● COLLECTED DATA
———
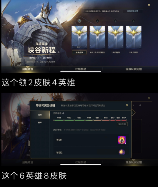 一共只能领4个英雄+2个皮肤。
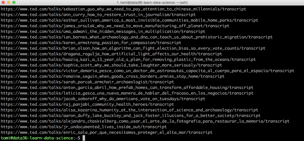 You can test this out in your Terminal… but in its final version let’s save the output of it into a file called ted_links.txt, too!
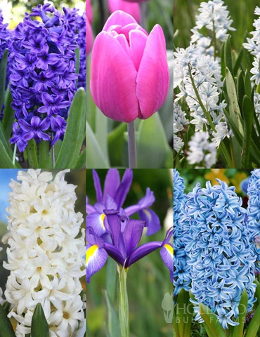 Blue is a color that evokes feelings of tranquility. Surround yourself in a spring garden filled with fragrant and calming blue bulbs mid spring. Although the Blue Beauty Tulips aren’t all blue they have ribbons of blue in the petals that will compliment the hyacinths well.
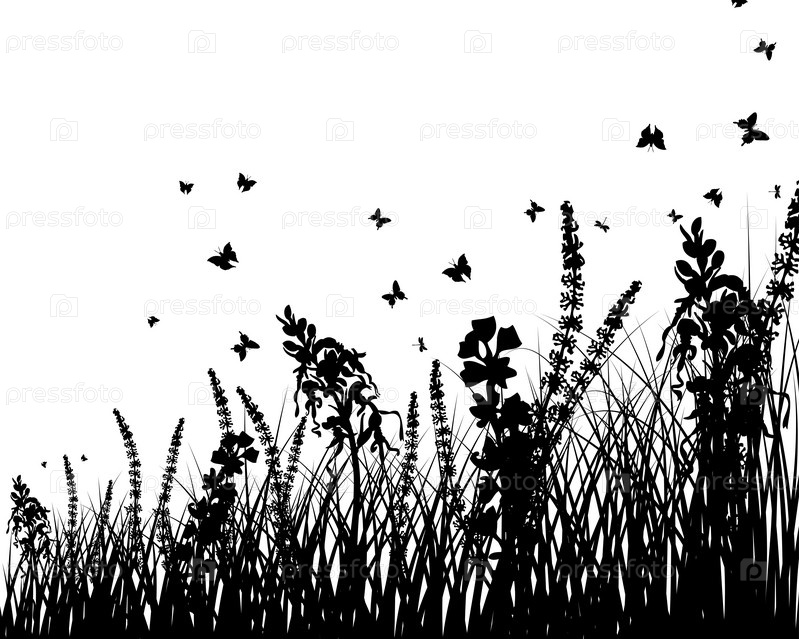 Силуэты травы и цветов на белом фоне
———
Could you restate the material word for word, skipping any pictures it holds?

● OUTPUT
 一共只能领4个英雄+2个皮肤。
 You can test this out in your Terminal… but in its final version let’s save the output of it into a file called ted_links.txt, too!
 Blue is a color that evokes feelings of tranquility. Surround yourself in a spring garden filled with fragrant and calming blue bulbs mid spring. Although the Blue Beauty Tulips aren’t all blue they have ribbons of blue in the petals that will compliment the hyacinths well.
 Силуэты травы и цветов на белом фоне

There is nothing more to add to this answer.